Given data =
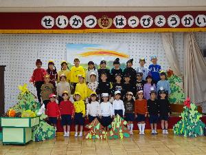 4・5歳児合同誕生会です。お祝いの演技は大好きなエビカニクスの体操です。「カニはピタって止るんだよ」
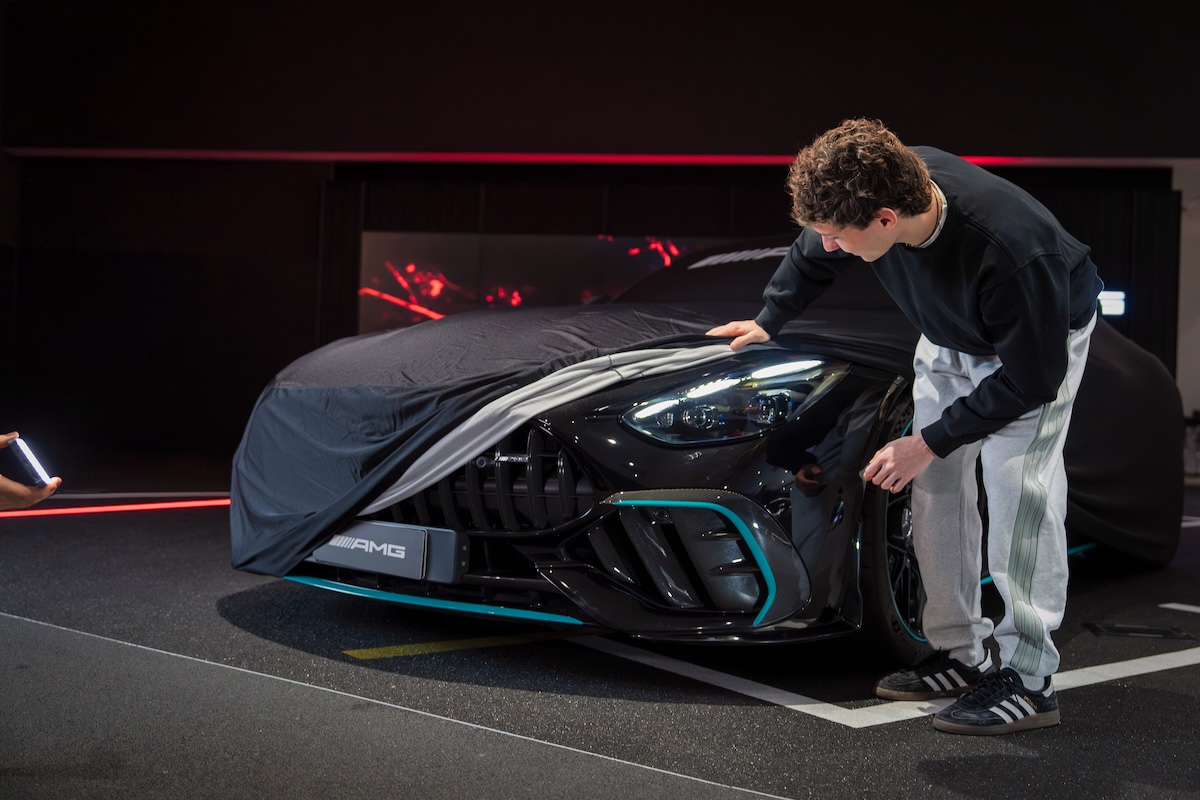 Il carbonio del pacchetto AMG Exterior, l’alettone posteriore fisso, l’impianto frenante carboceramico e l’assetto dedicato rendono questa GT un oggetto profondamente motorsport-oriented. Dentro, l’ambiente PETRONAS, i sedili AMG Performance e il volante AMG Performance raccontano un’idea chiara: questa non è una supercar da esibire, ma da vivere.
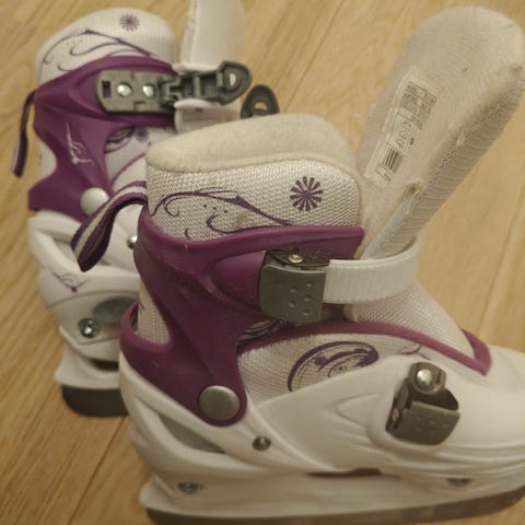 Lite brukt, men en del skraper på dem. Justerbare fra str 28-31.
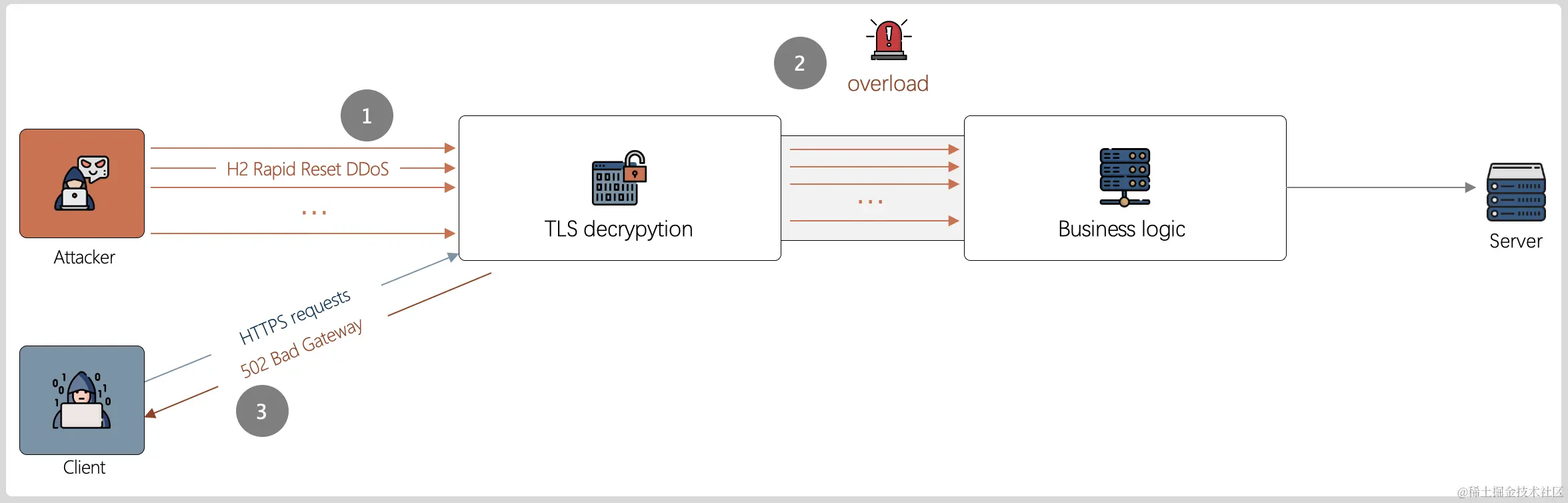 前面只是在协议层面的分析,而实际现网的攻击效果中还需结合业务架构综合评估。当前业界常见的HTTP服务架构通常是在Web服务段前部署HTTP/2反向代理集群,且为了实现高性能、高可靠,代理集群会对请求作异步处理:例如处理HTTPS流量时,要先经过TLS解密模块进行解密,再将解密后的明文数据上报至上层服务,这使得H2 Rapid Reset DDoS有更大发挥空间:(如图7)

Problem details = The listing above is to be retyped word for word, with the pictures omitted.

Answer box =
 4・5歳児合同誕生会です。お祝いの演技は大好きなエビカニクスの体操です。「カニはピタって止るんだよ」
 Il carbonio del pacchetto AMG Exterior, l’alettone posteriore fisso, l’impianto frenante carboceramico e l’assetto dedicato rendono questa GT un oggetto profondamente motorsport-oriented. Dentro, l’ambiente PETRONAS, i sedili AMG Performance e il volante AMG Performance raccontano un’idea chiara: questa non è una supercar da esibire, ma da vivere.
 Lite brukt, men en del skraper på dem. Justerbare fra str 28-31.
 前面只是在协议层面的分析,而实际现网的攻击效果中还需结合业务架构综合评估。当前业界常见的HTTP服务架构通常是在Web服务段前部署HTTP/2反向代理集群,且为了实现高性能、高可靠,代理集群会对请求作异步处理:例如处理HTTPS流量时,要先经过TLS解密模块进行解密,再将解密后的明文数据上报至上层服务,这使得H2 Rapid Reset DDoS有更大发挥空间:(如图7)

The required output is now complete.